O programa Juntos pelo Desenvolvimento Sustentável trabalha com a hipótese de que a governança colaborativa promove a legitimidade, a responsabilidade e a inovação. Este modelo se apresenta como uma ferramenta para assegurar o desenvolvimento sustentável de longo prazo das cidades, pois reúne diferentes abordagens e perspectivas sobre os problemas públicos e promove o compartilhamento de ideias, conhecimento e riscos que podem ser mitigados.

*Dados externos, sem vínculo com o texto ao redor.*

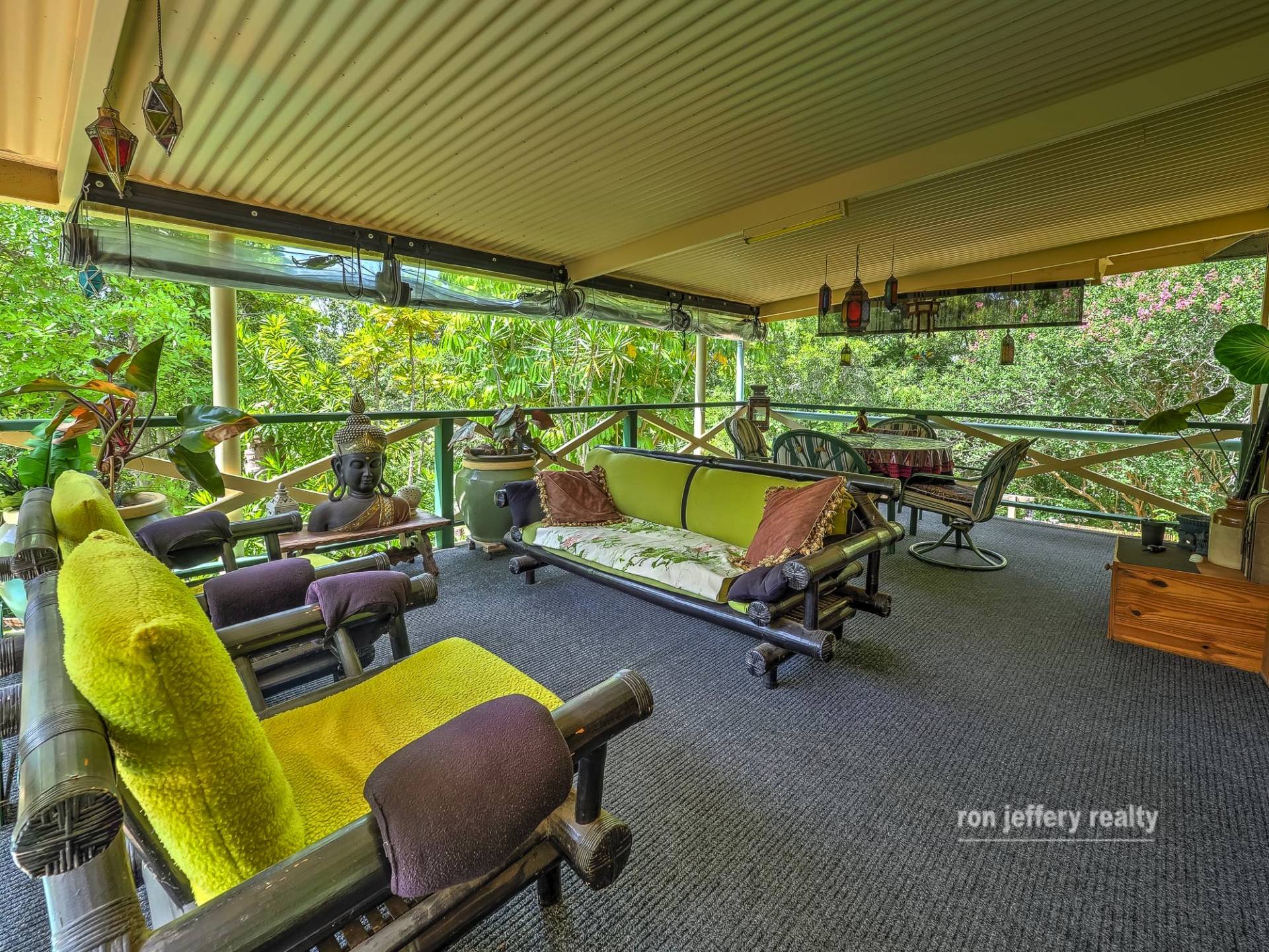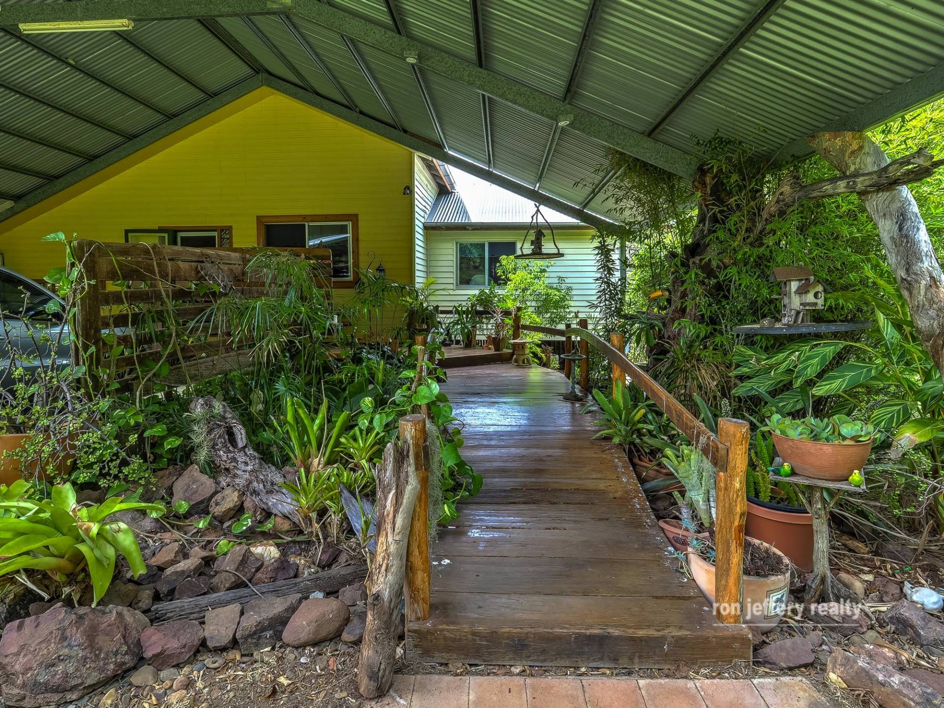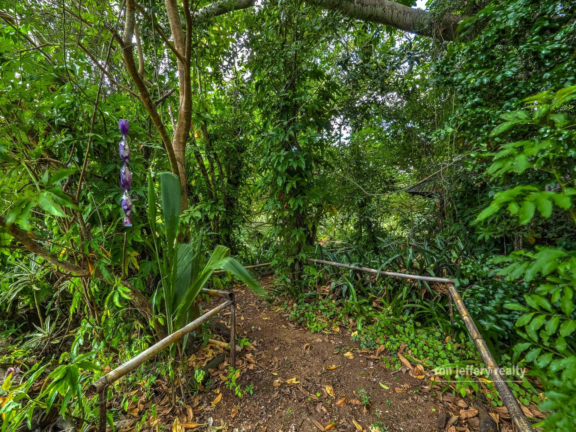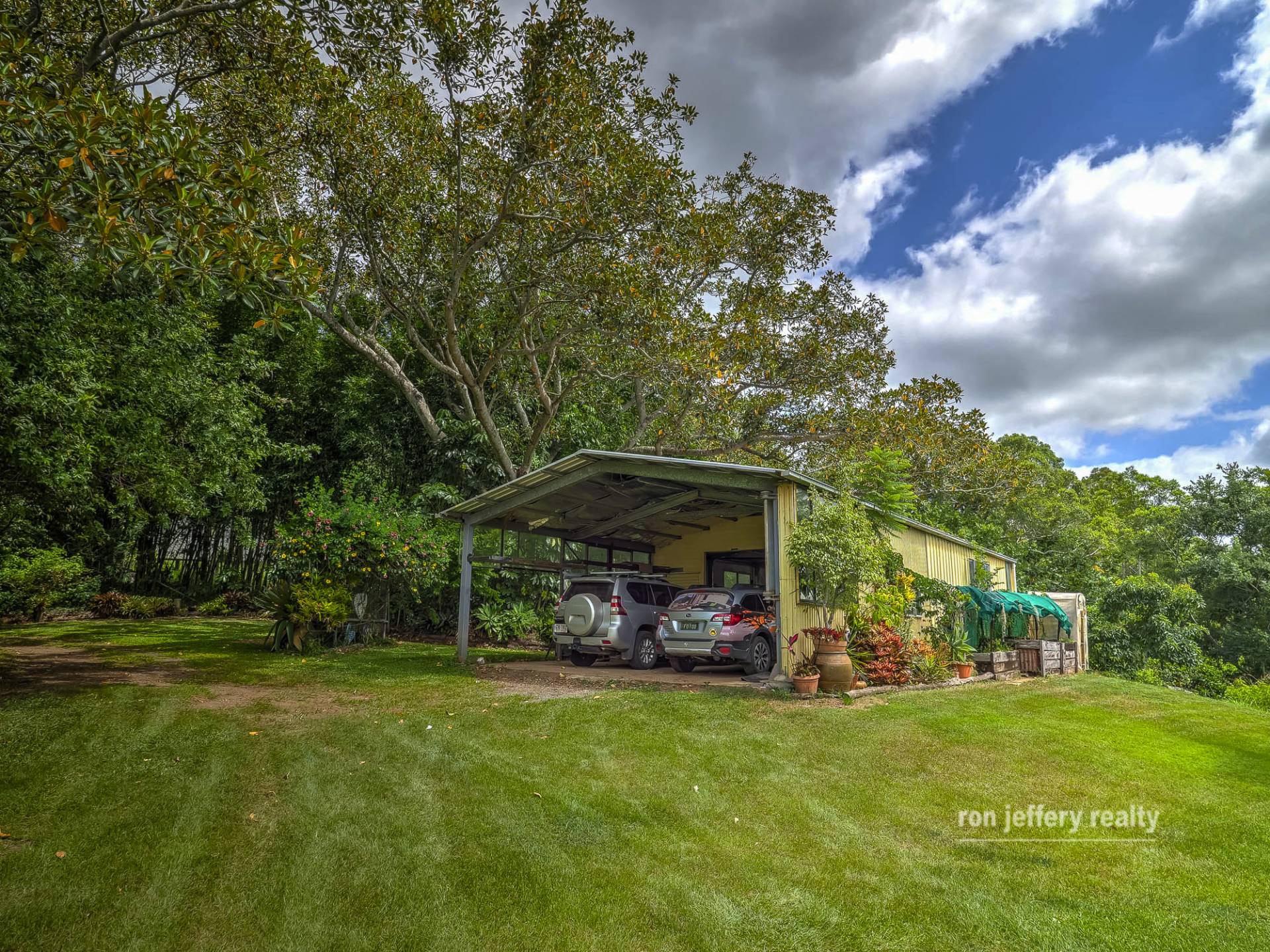 Outbuildings include a 3-bay enclosed double garage, the attached 2 bay double carport, plus the carport at the house. The trees and gardens are well established, with lots of pathways to discover and enjoy. The lawns are easy to maintain and you can either allow the gardens look after themselves or continue to put your stamp on it and extend.

A ideia de colaboração entre setores e agentes sociais na busca de soluções compartilhadas é crescente nos discursos políticos dominantes e na agenda internacional. No entanto, na prática, os desafios são inúmeros. Observa-se, porém, a indicação de um movimento de importantes atores globais rumo a construção de uma nova agenda urbana, baseada na governança colaborativa, que visa, sobretudo, responder às expectativas da sociedade e reivindicações de participação mais ampla. Estas alternativas surgem como meio de gerenciar os riscos políticos e econômicos associados às altas expectativas sociais. Partindo do pressuposto de que a maioria das políticas públicas territoriais tem como objetivo, em última análise, o desenvolvimento sustentável no longo prazo, a perspectiva que o Juntos propõe está baseada na descentralização da governança, no aumento do engajamento social nas decisões sobre a cidade, na ampliação do nível de comunicação entre os atores sociais e, também, e ampliação de redes de interação e compartilhamento entre esses atores[4].

 

A Governança Compartilhada do Juntos

O Programa Juntos é uma plataforma de líderes do setor público, privado e sociedade civil, que tem como fundamento um modelo de governança compartilhada e transparente. Esse modelo articula o fluxo de conhecimento e informação entre líderes públicos e privados para a construção colaborativa de ações pela melhoria da gestão pública. Além disso, este modelo amplia os canais de troca com a sociedade civil na discussão e na tomada de decisão sobre as prioridades dos municípios. A estrutura de governança do Juntos envolve diferentes tipos de stakeholders, dos diversos setores da sociedade.

 

*Bruna é gerente de conhecimento da Comunitas e professora adjunta do mestrado global de administração pública da Universidade de Columbia. É formada em Relações Internacionais pela UFRGS (2010) e mestre (2014) em Administração Pública pela School of International and Public Affairs da Universidade de Columbia. Depois de quatro anos na China, onde trabalhou como analista de mercado da Chinatex, ela se mudou para Nova York, onde ela trabalhou como coordenadora de programas no Picker Center e foi consultora e gerente de projetos do B Team. Bruna é co-fundadora do Radar China, um laboratório de conteúdo e comunicação para agências governamentais na China e idealizadora da Ethos Intelligence, organização dedicada ao monitoramento e avaliação de impacto de projetos de desenvolvimento na China e no Brasil.

 

 

[1] Entrevista da prefeita de Barcelona Ada Colau ao jornal The Guardian: https://www.theguardian.com/cities/2016/oct/20/habitat-3-right-city-concrete-policies-ada-colau

[2] Leia o estudo completo em: http://www3.weforum.org/docs/GCR2016-2017/05FullReport/TheGlobalCompetitivenessReport2016-2017_FINAL.pdf

[3] Leia mais sobre o conceito em: https://www.hks.harvard.edu/m-rcbg/CSRI/publications/workingpaper_17_zadek.pdf

[4] Informação do artigo desenvolvido por Clarissa Malinverni, que é graduada em Ciências Sociais pela Universidade de São Paulo, com mestrado em Administração Pública pela Columbia University e uma experiência de dez anos no terceiro setor, tendo atuado em projetos e programas voltados à garantia dos direitos humanos, gênero, educação e mobilização social e de redes. Desde 2013 tem trabalhado na Comunitas como gerente do Programa Juntos pelo Desenvolvimento Sustentável. Texto traduzido e adaptado para a publicação. Originado da dissertação de mestrado em Administração Pública na Columbia University. Nova York, 2016.